START Available data
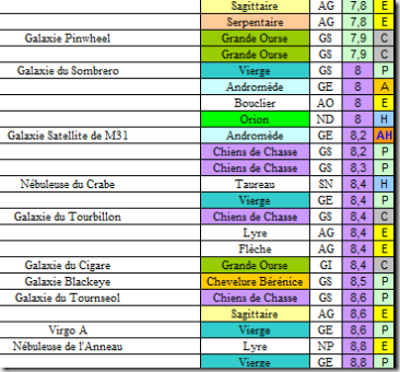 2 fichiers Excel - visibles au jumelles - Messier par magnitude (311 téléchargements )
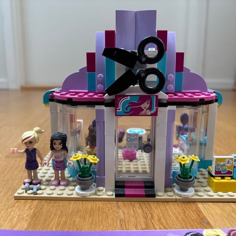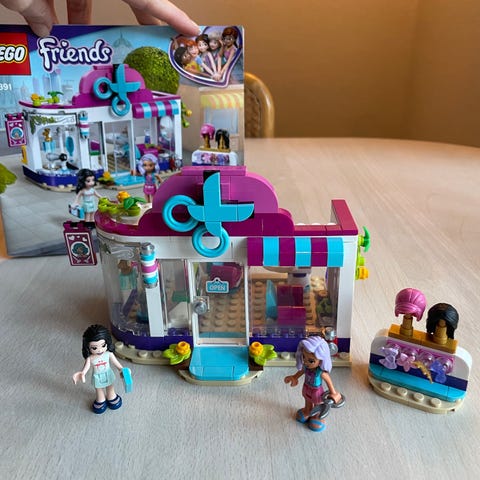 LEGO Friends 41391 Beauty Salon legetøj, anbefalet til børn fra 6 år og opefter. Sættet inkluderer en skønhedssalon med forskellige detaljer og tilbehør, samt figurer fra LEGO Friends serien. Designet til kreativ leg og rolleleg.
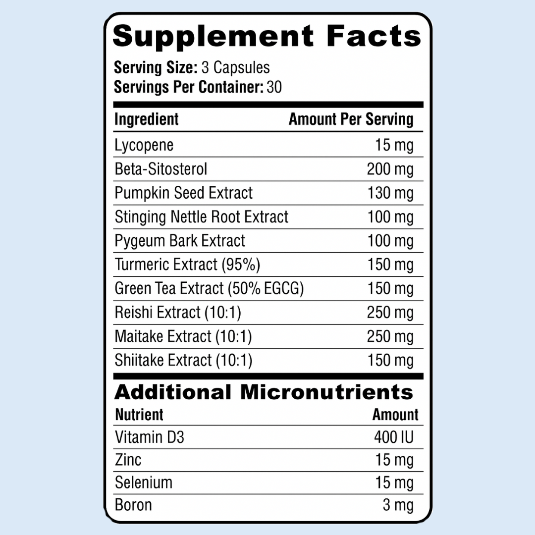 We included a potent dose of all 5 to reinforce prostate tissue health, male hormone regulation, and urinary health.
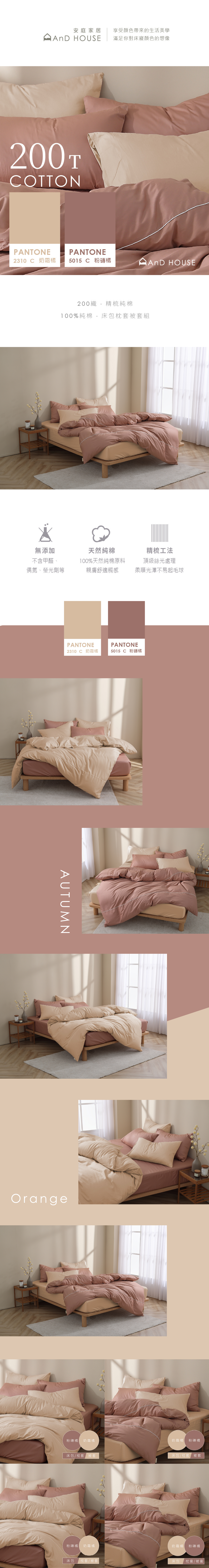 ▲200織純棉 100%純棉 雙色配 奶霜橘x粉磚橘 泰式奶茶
END Available data
START Available data
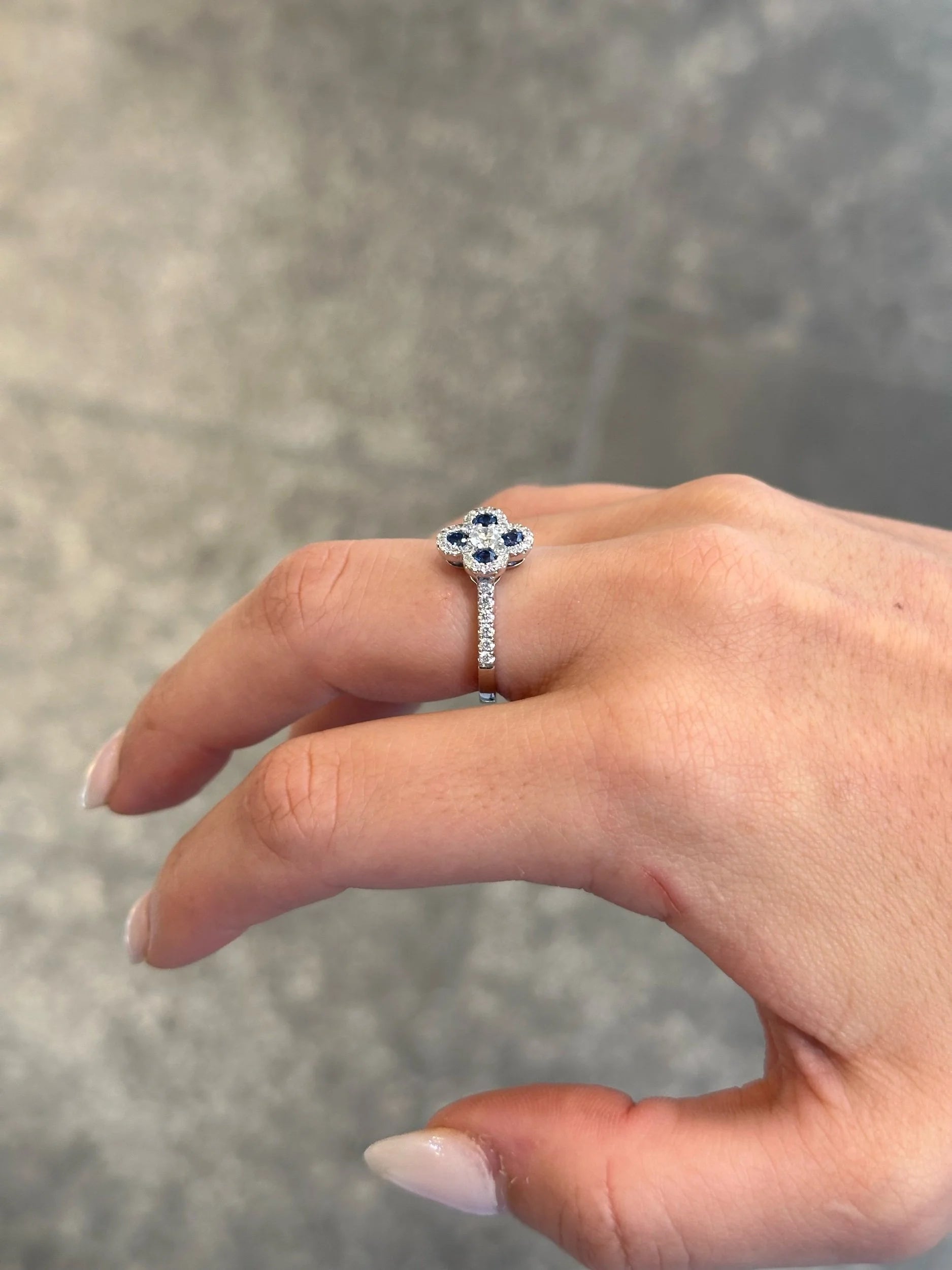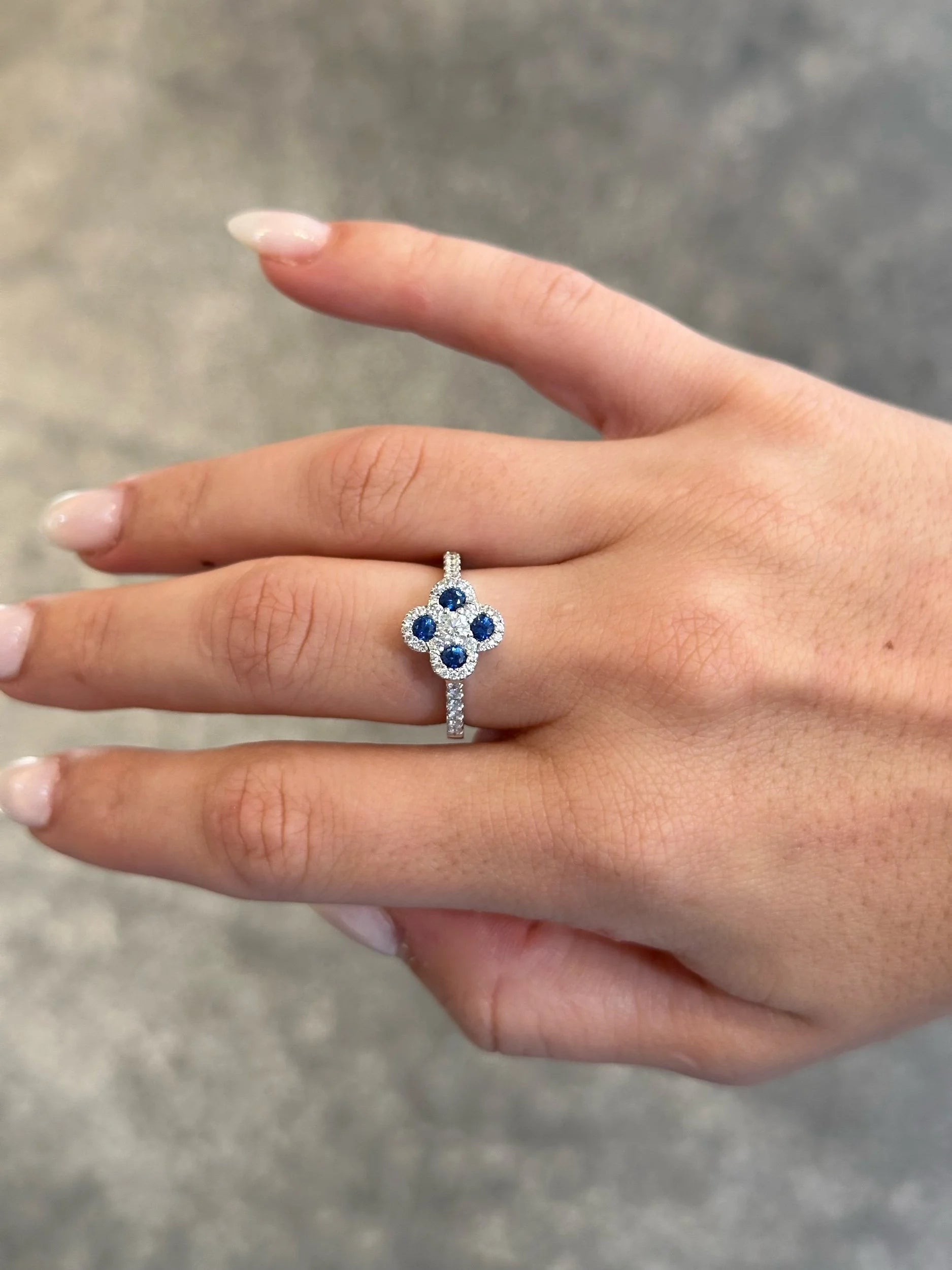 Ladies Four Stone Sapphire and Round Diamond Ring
END Available data
START Available data
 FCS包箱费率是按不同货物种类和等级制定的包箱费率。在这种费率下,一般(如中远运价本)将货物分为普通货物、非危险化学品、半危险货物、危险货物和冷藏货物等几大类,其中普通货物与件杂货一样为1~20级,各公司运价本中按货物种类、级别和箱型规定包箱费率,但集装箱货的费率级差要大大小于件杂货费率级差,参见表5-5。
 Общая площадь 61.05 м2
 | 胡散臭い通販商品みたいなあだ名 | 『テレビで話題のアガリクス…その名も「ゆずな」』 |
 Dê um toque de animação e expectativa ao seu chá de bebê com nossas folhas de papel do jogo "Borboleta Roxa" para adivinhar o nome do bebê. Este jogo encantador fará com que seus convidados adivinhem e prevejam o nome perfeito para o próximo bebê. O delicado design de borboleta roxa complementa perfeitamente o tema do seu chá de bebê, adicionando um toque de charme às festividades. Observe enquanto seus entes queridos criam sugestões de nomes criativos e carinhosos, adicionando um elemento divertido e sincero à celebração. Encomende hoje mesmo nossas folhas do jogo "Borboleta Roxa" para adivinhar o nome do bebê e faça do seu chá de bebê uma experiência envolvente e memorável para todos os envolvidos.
END Available data
Among the records above, repeat exactly the line with "Общая площадь 61.05 м2", the line with "Dê um toque", and every line in between, and only those.

 Общая площадь 61.05 м2
 | 胡散臭い通販商品みたいなあだ名 | 『テレビで話題のアガリクス…その名も「ゆずな」』 |
 Dê um toque de animação e expectativa ao seu chá de bebê com nossas folhas de papel do jogo "Borboleta Roxa" para adivinhar o nome do bebê. Este jogo encantador fará com que seus convidados adivinhem e prevejam o nome perfeito para o próximo bebê. O delicado design de borboleta roxa complementa perfeitamente o tema do seu chá de bebê, adicionando um toque de charme às festividades. Observe enquanto seus entes queridos criam sugestões de nomes criativos e carinhosos, adicionando um elemento divertido e sincero à celebração. Encomende hoje mesmo nossas folhas do jogo "Borboleta Roxa" para adivinhar o nome do bebê e faça do seu chá de bebê uma experiência envolvente e memorável para todos os envolvidos.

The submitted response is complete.